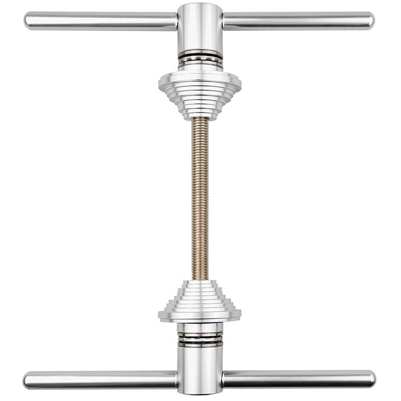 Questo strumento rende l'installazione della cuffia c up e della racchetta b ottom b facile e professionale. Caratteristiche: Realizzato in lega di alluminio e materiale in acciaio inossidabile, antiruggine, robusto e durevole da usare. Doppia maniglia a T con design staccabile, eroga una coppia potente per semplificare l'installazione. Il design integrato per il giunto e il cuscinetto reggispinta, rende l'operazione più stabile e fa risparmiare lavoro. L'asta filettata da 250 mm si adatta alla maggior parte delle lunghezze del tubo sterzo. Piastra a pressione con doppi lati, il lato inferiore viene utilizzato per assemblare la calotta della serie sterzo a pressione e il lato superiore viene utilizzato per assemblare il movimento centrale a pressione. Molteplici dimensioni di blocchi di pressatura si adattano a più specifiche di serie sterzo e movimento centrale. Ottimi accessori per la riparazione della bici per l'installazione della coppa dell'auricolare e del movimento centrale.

...

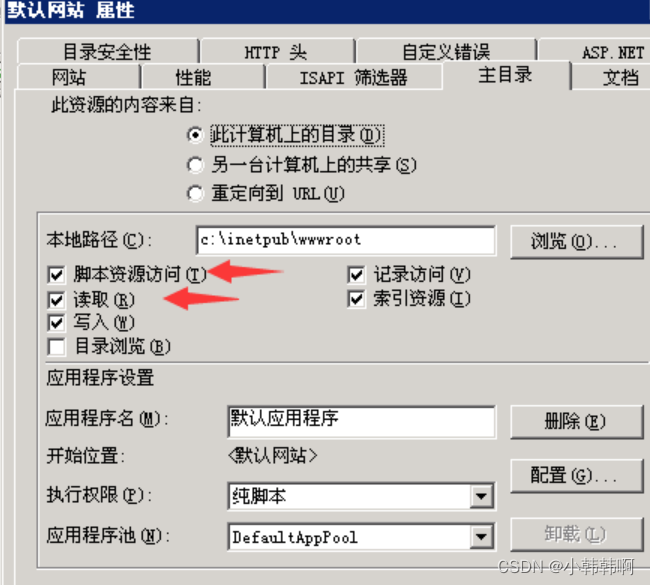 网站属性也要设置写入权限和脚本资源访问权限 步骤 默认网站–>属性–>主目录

---

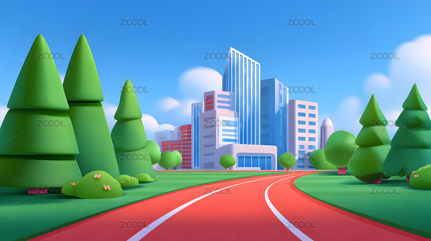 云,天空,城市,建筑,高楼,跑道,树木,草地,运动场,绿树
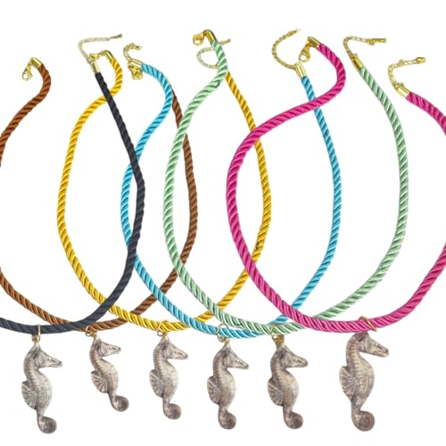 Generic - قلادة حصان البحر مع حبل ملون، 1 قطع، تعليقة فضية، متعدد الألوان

TASK ITEM: With pictures excluded, reproduce exactly the lines above from the one containing "云,天空,城市,建筑,高楼,跑道,树木,草地,运动场,绿树" down to the one containing "Generic - قلادة", those two included.

THE COMPLETED TASK:
 云,天空,城市,建筑,高楼,跑道,树木,草地,运动场,绿树
 Generic - قلادة حصان البحر مع حبل ملون، 1 قطع، تعليقة فضية، متعدد الألوان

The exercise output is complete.